OUGD501 Research - Subculture - The Meaning of Style by Dick Hebdige
Punk Ideology
• 'punk aesthetic can be read in part as a white 'translation' of black 'ethnicity'
• Punk groups for instance, figured prominently in the rock against racism
• The clash and The slits in particular wove reggae slogans and themes into their material
• certain features were lifted directly from the West Indian rude and Rasta styles
• punk music, like every other aspect of punk, tended to develop in direct antithesis to its apparent sources
• punk launched frontal assaults on the established meaning systems
• rigid demarcation of the line between punk rock and reggae is symptomatic not only of an 'identity crisis'
• indirectly influenced by the subcultural styles of the black immigrant community...in order to find a music which reflected more adequately their sense of frustration and oppression
• objects borrowed from the most sordid of contexts found a place in the punks' ensembles...which offered self-conscious commentaries on the notions of modernity and taste p.107
• reflected the tendency towards wilful desecration and the voluntary assumption of outcast status which characterised the whole punk movement
(info on aesthetic of publication p.111-p112)
• Sniffiin Glue (highest circulation) the definitive statement of punk's do-it-yourself philosophy e.g 'Here's one chord, here's two more, now form your own band'.
Subcultural Theory
(clothes)
• barthes - 'the signification of the image is certainly intentional...the advertising image is clear, or at least emphatic'
• expressive of 'normality' as opposed to 'deviance'
• (intentional communication and visible constriction) distinguishes the visual ensembles of spectacular subcultures. They display their own codes(punks ripped t-shirts)

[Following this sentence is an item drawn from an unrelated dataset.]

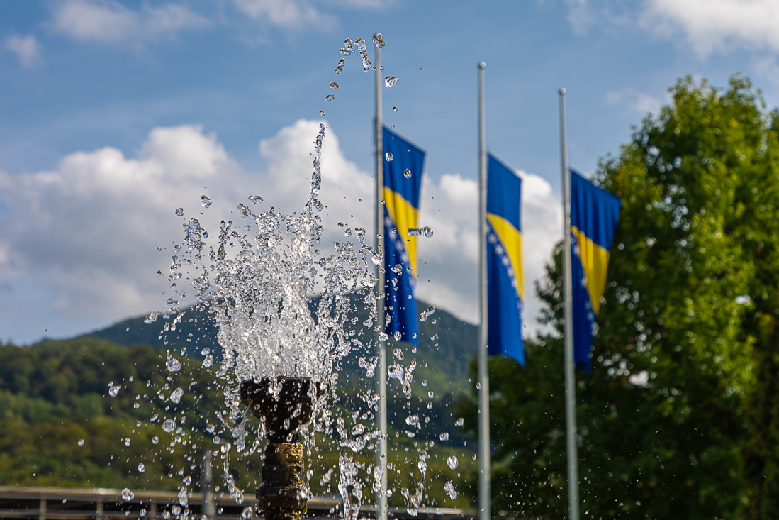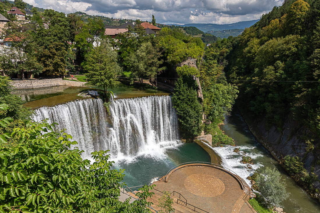 Woensdag 31 augustus. Na een heerlijk ontbijt op het terras eerst maar eens wat foto's gemaakt en de drone uitgelaten. Daarna de wandelschoenen aan voor een flinke tippel naar het centrum van Jajce. Onderweg bleek er een lokale markt te zijn waar echt van alles werd verkocht, van groente tot bijlen. In Jajce eerst even de BH Telecom shop bezocht om een internet-simkaartje voor onze Mifi aan te schaffen. Bosniërs hebben misschien de naam stug te zijn, maar de man van deze shop liet zien dat het ook anders kon. Bijna 20 minuten is hij bezig geweest om ons te assisteren bij het aan de gang krijgen van de simkaart. We hebben hem daarna op het naastgelegen terras maar een kopje koffie aangeboden. En dan wordt het toch echt tijd om de wereldberoemde waterval van Jajce te gaan opzoeken. Via een met vele bloembakken versierde brug bereikten we het uitkijkpunt op deze nogal fors uitgevallen waterval. Tijdens de fotosessie komt er een stoet zwarte auto's met zwaailichten aanrijden, stopt en er stapt een -waarschijnlijk- Bosnische BoBo uit. Toen de delegatie op het uitkijkpunt stond en ik vroeg of ik een foto mocht maken stapte er zo'n klein gedrongen kleerkastje op me af: "I'm police, who are you....". Kleine druktemaker! Na een snelle klim naar het boven de stad gelegen fort maar weer eens richting onze Konoba gewandeld. Het werd intussen aardig donker boven ons hotel, dus maar flink doorgewandeld. We waren nog geen 10 minuten in het hotel toen het losbarstte. Wát een bui! Wel handig om tijdens de regenbui alvast een start te maken met dit vakantieverslag.

• they have been thought about rather than thrown together
• goes against the mainstream - according to barthes, is a tendency to masquerade as nature, to substitute 'normalised' for historical forms, to translate the reality of the world into an image of the world which in turn presents itself as if composed according to 'the evident laws of the natural order' (Barthes, 1972)
• ensembles are 'obviously fabricated'
• could provide an attractive alternative the drudgery of manual labour, office work or a youth on the dole
• made to reflect, express and resonate...aspects of group life
• punk culture signified chaos, hebdige argues that it was 'extremely orderly,' explaining this paradox with the concept of homology.
• punk subculture grew up partly as an antithetical response to the re-emergence of racism in the mid-70s
• the key to punk style remains elusive
• punk 'escape the principle of identity'
• refusal to cohere around a readily identifiable set of central values. `it cohered, instead, elliptically through a chain of conspicuous absences.